Perhaps the biggest question mark surrounds the future of Soviet President Mikhail S. Gorbachev. His hands-off policy as one Warsaw Pact ally after another rejected Communist Party dictatorship made the democratic gains of 1989 possible. But now those same gains are fueling expectations at home that threaten the very existence of the Soviet Union in its present form.

A possible backlash in Moscow has added to a sense of urgency among those trying to transform Eastern Europe. Some analysts, however, argue that things have already gone so far that, in order to reimpose Soviet control, a new Kremlin leader would have to order the occupation of virtually the entire region--an impractical step even for Moscow’s formidable military.

Developments in Eastern Europe may even constitute a Machiavellian form of insurance for Gorbachev, in this view. The reason: Even as they have dumped their Communist leaderships, the democratizing nations of the region have pledged their continuing loyalty to the Warsaw Pact alliance. But if a hard-line alternative to Gorbachev appeared, their turn to the West could become a stampede as they scrambled to distance themselves from Moscow, and abandoned the alliance in the process.

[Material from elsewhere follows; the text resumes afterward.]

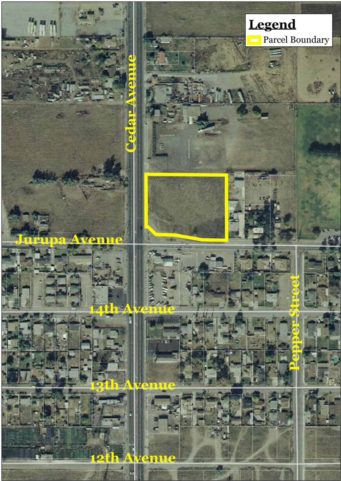
EXHIBIT 3 AERIAL MAP

Another major strategic question mark is the future of Germany. Long the pre-eminent economic power on the Continent, West Germany is fast becoming its political pivot as well, with the issue of German reunification suddenly near the top of Europe’s agenda. Whatever the outcome of that emotional and complex debate, however, the Federal Republic is already well ahead of the other Western nations in establishing its influence on the other side of the disappearing Cold War divide.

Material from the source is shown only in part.